**Data below:**
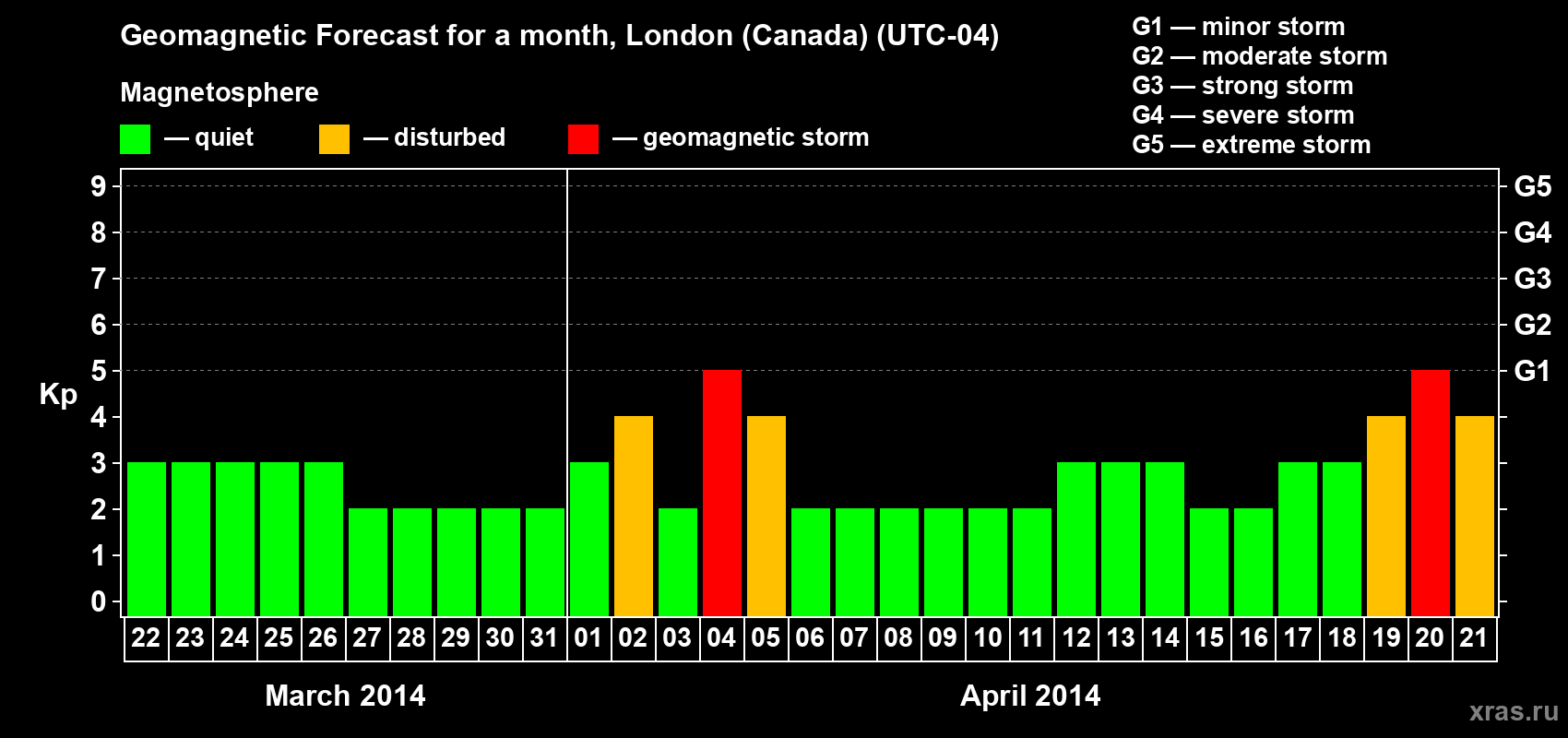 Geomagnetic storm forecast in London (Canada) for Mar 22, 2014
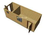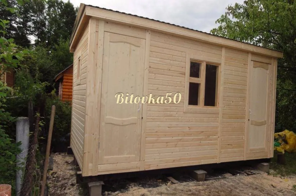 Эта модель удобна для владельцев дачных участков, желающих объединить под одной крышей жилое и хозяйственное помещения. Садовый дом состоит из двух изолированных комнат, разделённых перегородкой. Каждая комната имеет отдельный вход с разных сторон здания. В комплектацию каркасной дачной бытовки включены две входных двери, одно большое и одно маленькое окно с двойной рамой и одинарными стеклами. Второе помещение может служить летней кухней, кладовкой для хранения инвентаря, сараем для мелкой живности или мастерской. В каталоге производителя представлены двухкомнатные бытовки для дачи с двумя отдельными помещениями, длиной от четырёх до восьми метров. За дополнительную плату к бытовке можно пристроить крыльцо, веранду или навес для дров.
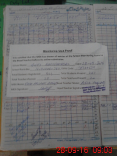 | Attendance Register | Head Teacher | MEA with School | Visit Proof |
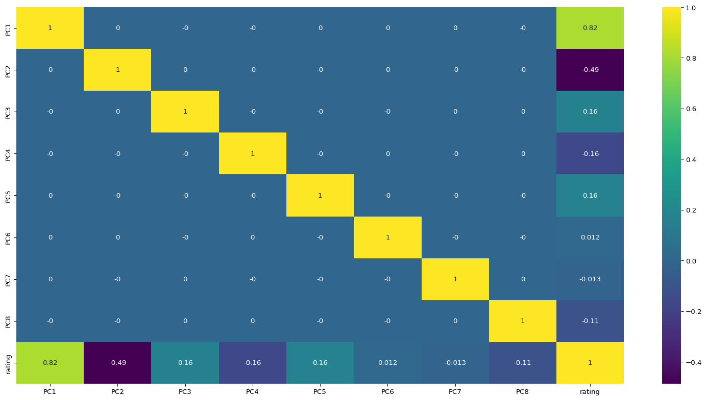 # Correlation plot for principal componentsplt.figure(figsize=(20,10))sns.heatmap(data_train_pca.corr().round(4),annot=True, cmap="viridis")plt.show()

**Task directions:**
The output should be the lines from the one with "Эта модель удобна" through the end of the material above, both ends included, printed exactly and nothing else. Drop the pictures.

**Written answer:**
 Эта модель удобна для владельцев дачных участков, желающих объединить под одной крышей жилое и хозяйственное помещения. Садовый дом состоит из двух изолированных комнат, разделённых перегородкой. Каждая комната имеет отдельный вход с разных сторон здания. В комплектацию каркасной дачной бытовки включены две входных двери, одно большое и одно маленькое окно с двойной рамой и одинарными стеклами. Второе помещение может служить летней кухней, кладовкой для хранения инвентаря, сараем для мелкой живности или мастерской. В каталоге производителя представлены двухкомнатные бытовки для дачи с двумя отдельными помещениями, длиной от четырёх до восьми метров. За дополнительную плату к бытовке можно пристроить крыльцо, веранду или навес для дров.
 | Attendance Register | Head Teacher | MEA with School | Visit Proof |
 # Correlation plot for principal componentsplt.figure(figsize=(20,10))sns.heatmap(data_train_pca.corr().round(4),annot=True, cmap="viridis")plt.show()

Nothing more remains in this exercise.